Libya has managed to emerge from a long period of dictatorship, though it remains mired in factional rivalries for power in different areas of the country. This week, Professor Ali Ahmida of University of New England will give an update about the political, security, and economic situation in Libya today. Later in the program, Anna Bakhen will speak with us about her new book “The World is a Carpet: Four Seasons in an Afghan Village.” Through a close observation of the ancient tradition of carpet weaving, Anna Badkhen chronicles the daily lives of the 240 residents of the isolated and unmapped village of Oqa in all it complexities and simplicity.

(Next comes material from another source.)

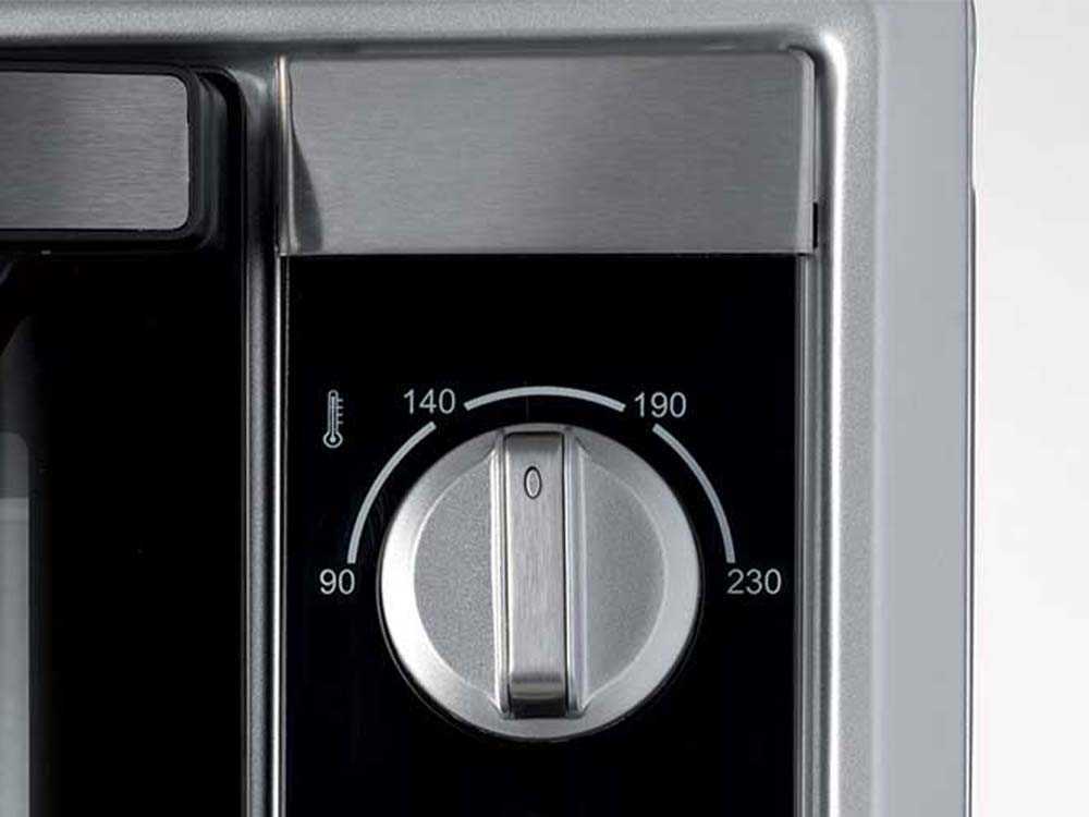 دارای سه ولوم چرخشی برای کنترل دما، زمان و نوع پخت (المنت بالا، پایین، ترکیبی یا جوجهگردان). مجهز به پنجره شیشهای مقاوم حرارت، چراغ نشانگر و پایه ضد لغزش برای ایمنی بیشتر. با سینی گریل، توری فلزی و سیخ جوجهگردان همراه است.

Torn between an Arab Spring and the oppression of a brutal regime for the better part of a half-century, Syria finds itself at a historic crossroads. Juan Cole, Professor of modern Middle Eastern and South Asian history at the University of Michigan and Author of “Engaging the Muslim World,” joins on the phone from Michigan to discuss the difficult road ahead for the Syrian population. Later in our program, we are joined by Anita Amir Rezvani, Author of “The Blood of Flowers” and “Equal of the Sun” and Professor Persis Karim, a poet and editor of “Let Me Tell You Where I’ve Been: New Writing by Women of the Iranian Diaspora” and co-editor of “A World Between: Poems, Short Stories and Essays by Iranian-Americans.” We will discuss the newly published anthology “Tremors: New Fiction by Iranian American Writers” with Anita Amir Rezvani and Persis Karim, both co-editors of “Tremors,” which brings together 27 Iranian Americans from a wide range of experiences. Through their stories, the authors capture the diversity and complicate oversimplified Western characterizations of Iranian diaspora experiences.